Train a gradient-boosting regressor on the first TRAIN_FRACTION of the data set, and test it on the rest.

In this toy analysis, hyperparameter tuning is omitted. However, note that the default value of the hyperparameter max_depth is 3, so the regressor could represent interactions among up to three predictor variables.


In [8]:
train_ilocs = range(int(TRAIN_FRACTION*DATA_COUNT))

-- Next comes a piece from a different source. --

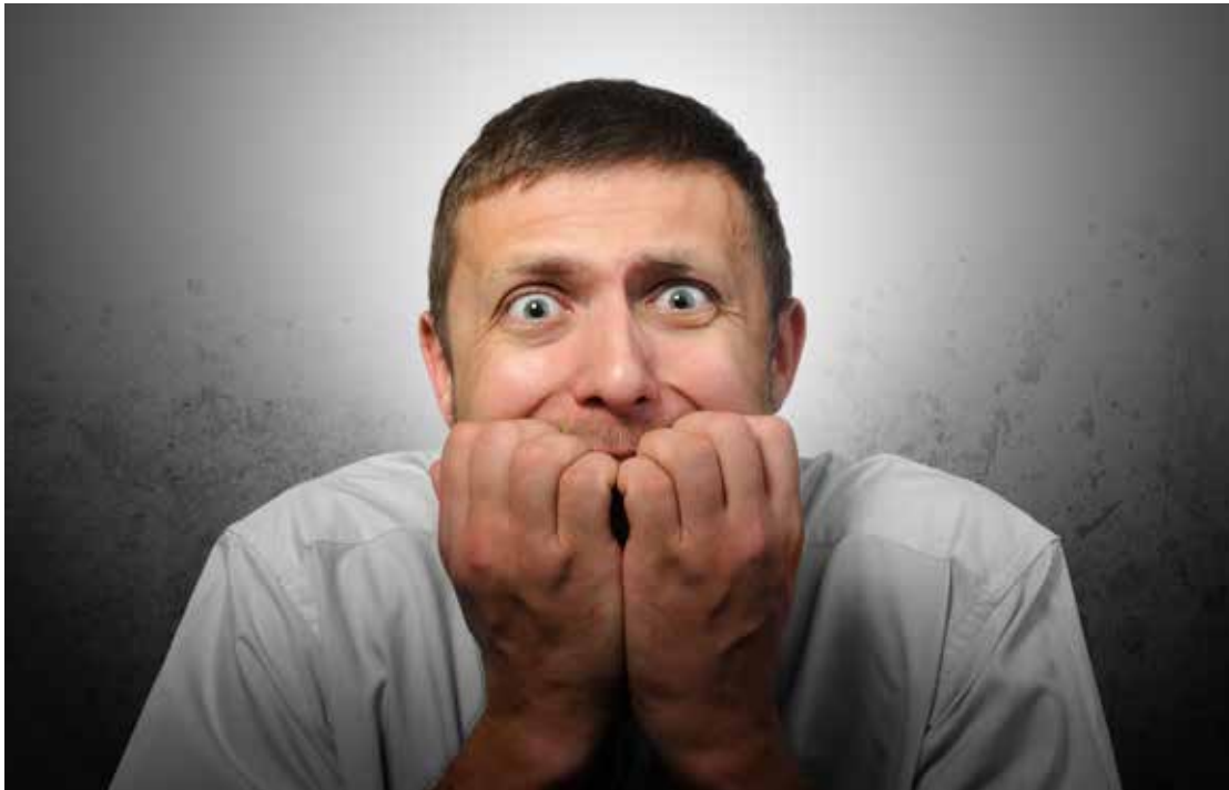
You may feel anxious.
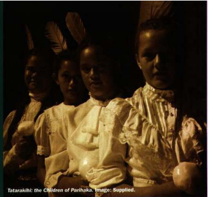
Tatarakihi: the Children of Parihaka .

test_ilocs = range(int(TRAIN_FRACTION*DATA_COUNT), DATA_COUNT)

In [9]:
gbr_1 = GradientBoostingRegressor(random_state = RANDOM_SEED)

In [10]:
gbr_1.fit(xs.iloc[train_ilocs], y.y.iloc[train_ilocs])


Out[10]:
GradientBoostingRegressor(alpha=0.9, criterion='friedman_mse', init=None,
             learning_rate=0.1, loss='ls', max_depth=3, max_features=None,
             max_leaf_nodes=None, min_impurity_decrease=0.0,
             min_impurity_split=None, min_samples_leaf=1,
             min_samples_split=2, min_weight_fraction_leaf=0.0,
             n_estimators=100, n_iter_no_change=None, presort='auto',
             random_state=137, subsample=1.0, tol=0.0001,
             validation_fraction=0.1, verbose=0, warm_start=False)

In [11]:
gbr_1.score(xs.iloc[test_ilocs], y.y.iloc[test_ilocs])


Out[11]:
0.9226936169364505

Inspect the feature importances and plot the partial dependences on single predictor variables and pairs of predictor variables. We expect roughly equal feature importances and roughly linear partial dependences except on the pair (x0, x1), which combine nonadditively.


In [12]:
gbr_1.feature_importances_


Out[12]:
array([0.18417467, 0.18540617, 0.63041915])

In [13]:
plot_partial_dependence(gbr_1, xs.iloc[train_ilocs], [0, 1, 2])


Out[13]:
(<Figure size 432x288 with 3 Axes>,
 [<matplotlib.axes._subplots.AxesSubplot at 0x1a18564590>,
  <matplotlib.axes._subplots.AxesSubplot at 0x1a18c34550>,
  <matplotlib.axes._subplots.AxesSubplot at 0x1a18c8ad10>])

In [14]:
plot_partial_dependence(gbr_1, xs.iloc[train_ilocs], [(0, 1), (0, 2), (1, 2)])


Out[14]:
(<Figure size 432x288 with 3 Axes>,
 [<matplotlib.axes._subplots.AxesSubplot at 0x1a18d92ed0>,
  <matplotlib.axes._subplots.AxesSubplot at 0x1a18e89ed0>,
  <matplotlib.axes._subplots.AxesSubplot at 0x1a18efa790>])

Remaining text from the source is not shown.